Under R.O.C. law, the membership of Audit Committee shall consist of all independent Directors. TSMC’s Audit Committee satisfies this statutory requirement. The Committee also engaged a financial expert consultant in accordance with the rules of the U.S. Securities and Exchange Commission. The Audit Committee annually conducts self-evaluation to assess the Committee’s performance and identify areas for further attention.
TSMC’s Audit Committee is empowered by its Charter to conduct any study or investigation it deems appropriate to fulfill its responsibilities. It has direct access to TSMC’s internal auditors, the Company’s independent auditors, and all employees of the Company. The Committee is authorized to retain and oversee special legal, accounting, or other consultants as it deems appropriate to fulfill its mandate.
The Committee meets at least once every quarter. Please consult TSMC’s Taiwan Annual Report for the relevant year for the number of meetings convened and each member’s attendance rate.

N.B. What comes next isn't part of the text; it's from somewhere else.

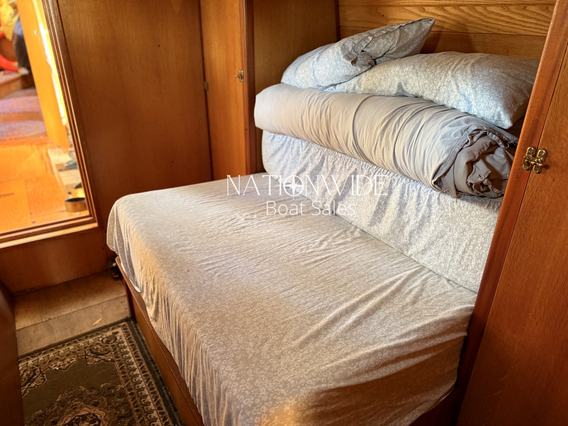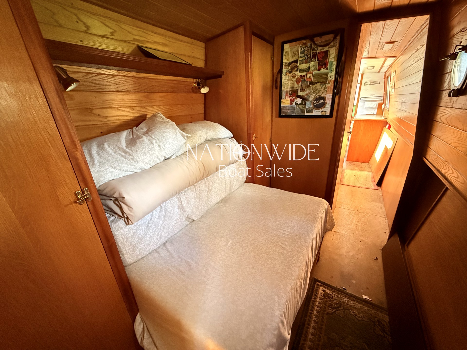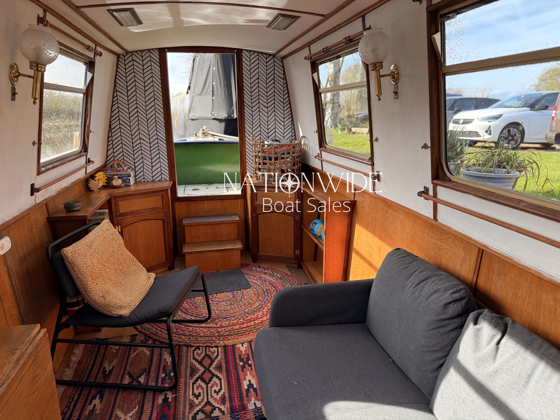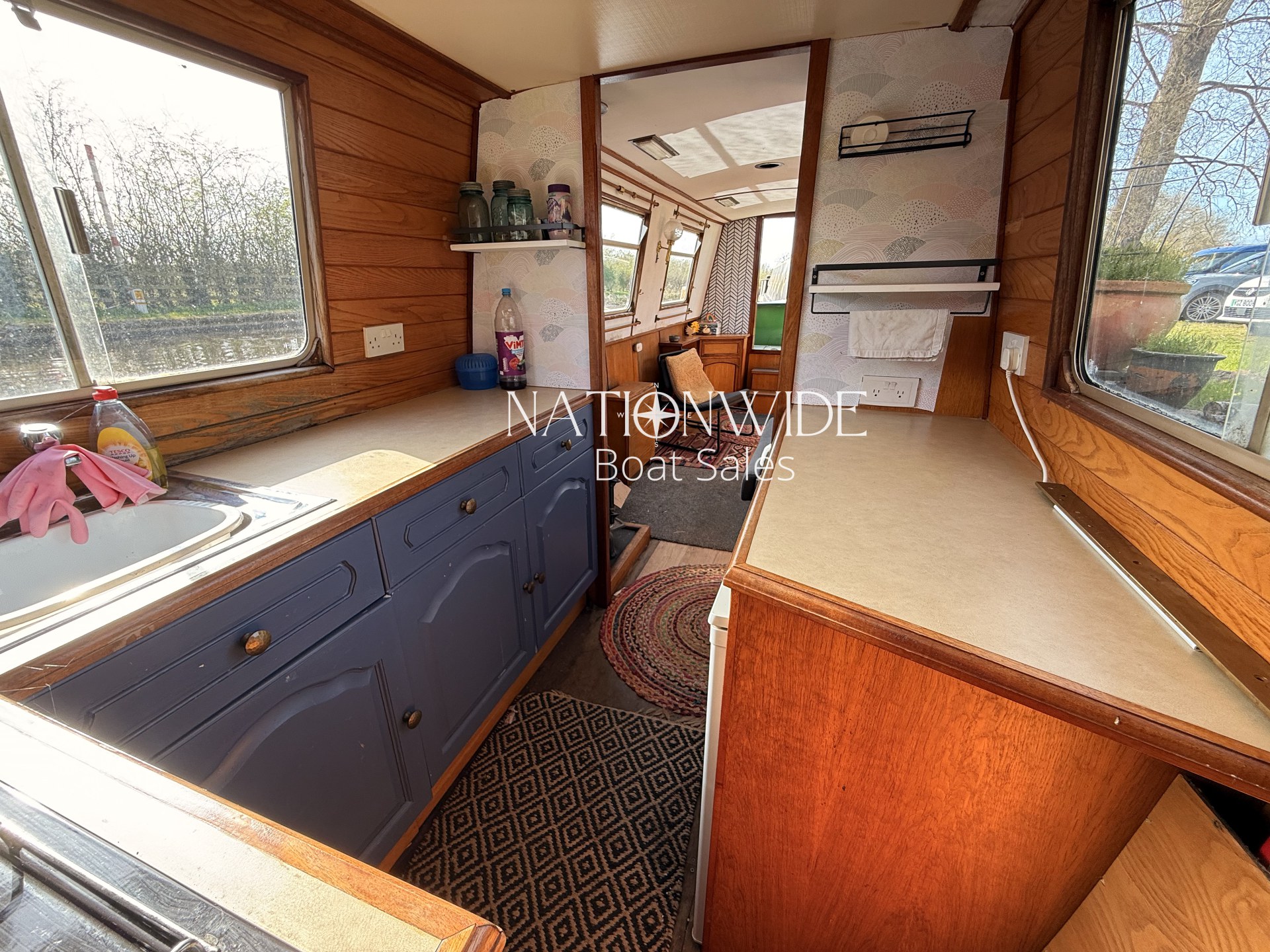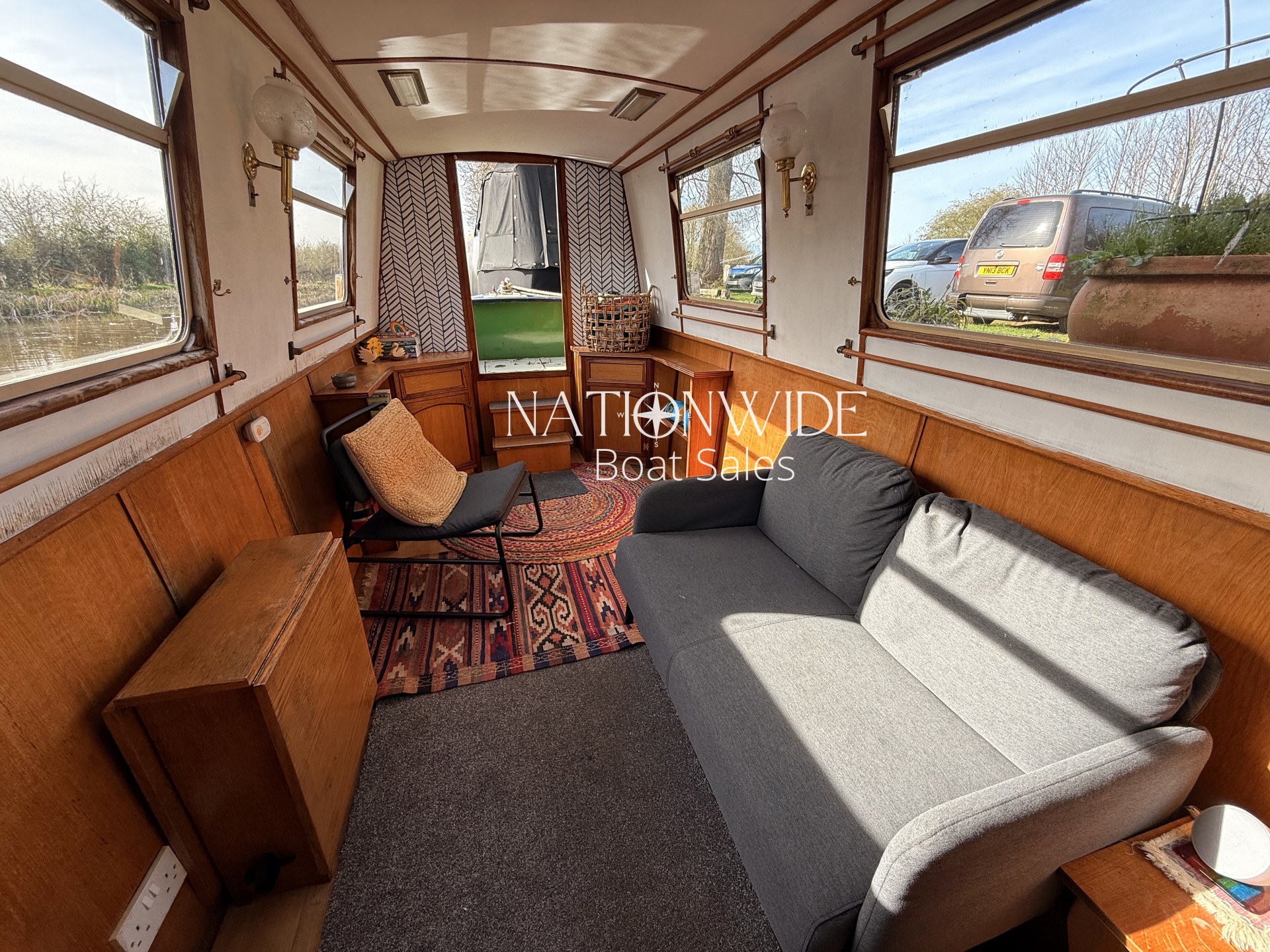 Introducing Sirius, a wonderful 60ft Trad built by Cheshire Narrowboats. Propulsion is powered by a reliable Lister engine paired with a PRM gearbox, all securely housed within the engine room. Warmth and hot water are efficiently delivered by the Morco gas boiler and a charming solid fuel stove situated in the saloon. The boat’s electrical system includes a 12v and 240v setup complemented by a Sterling Marine Power inverter, alongside 1 starter and 3 leisure batteries. The well-appointed galley features a Rotaflow oven with a Valor gas hob and an LEC fridge. Accommodations are thoughtfully designed for four, with a fixed double cross-bed in the central cabin and a double bed to the stern which converts into two benches with a table. The off-corridor bathroom is equipped with a Pump out toilet, a hip bath with an overhead shower, and a vanity basin.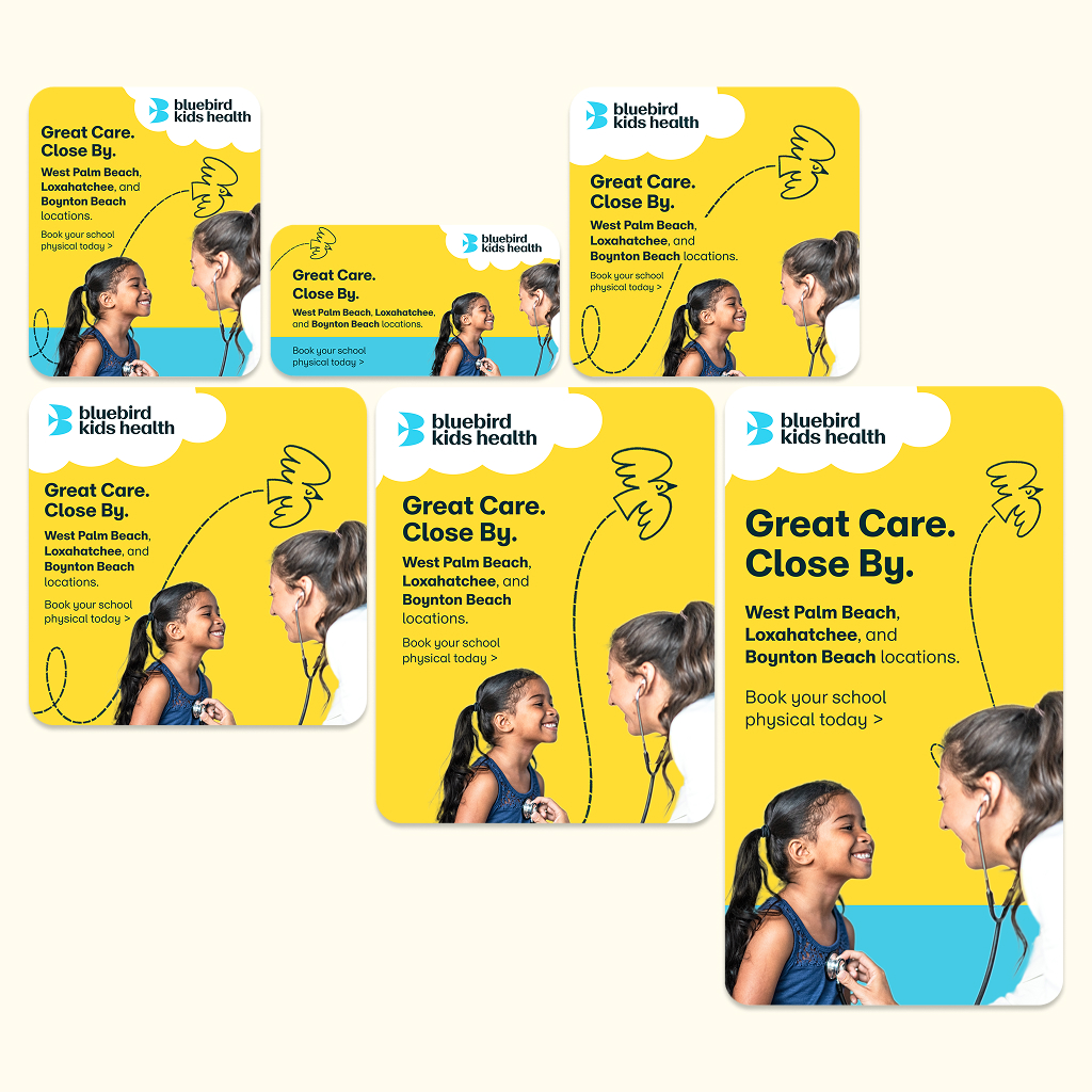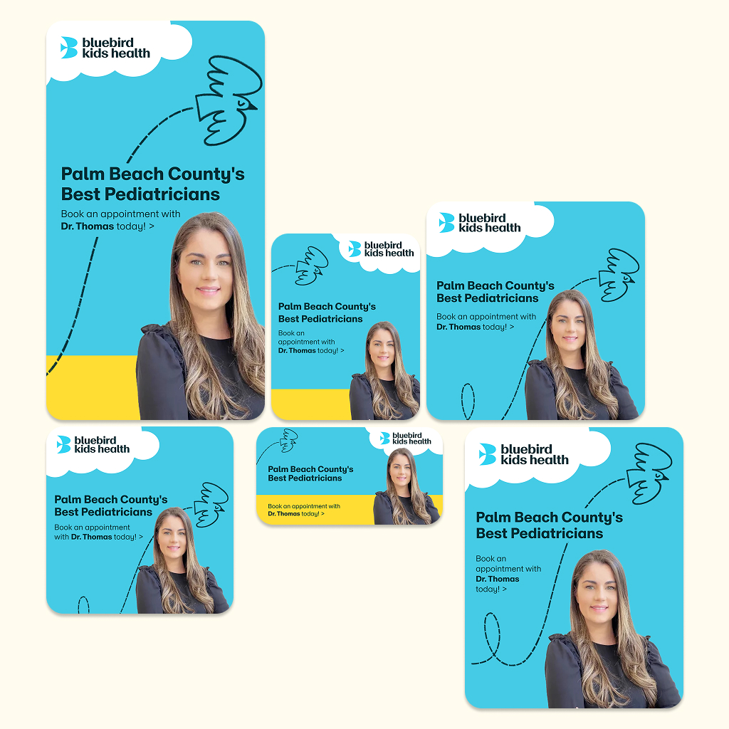 While working at Designity, I collaborated with Bluebirds Kid’s Health on their rebranding initiative. My role involved applying their refreshed identity across a wide range of print and digital touchpoints, including multilingual posters, brochures, pamphlets, flyers, and HTML ads. The goal was to create cohesive, accessible, and family-friendly communications that reflected the organization’s mission of supporting children’s health and well-being.

Descriptions of the Communications between the Independent Directors and the Internal Auditors or the Independent Auditors
These Closed Door Sessions relate to corporate finance and operations matters, and are between the Independent Directors and the Internal Auditors or the Independent Auditors. The communication principles are as follows,
The internal auditors have sent the audit reports to the members of the Audit Committee periodically and presented the findings of all audit reports in the quarterly meetings of the Audit Committee. The head of Internal Audit will immediately report to the members of the Audit Committee any material matters.
The Company’s independent auditors have presented the findings of their quarterly review or audits on the Company’s financial results. Under applicable laws and regulations, the independent auditors are also required to immediately communicate to the Audit Committee any material matters that they have discovered.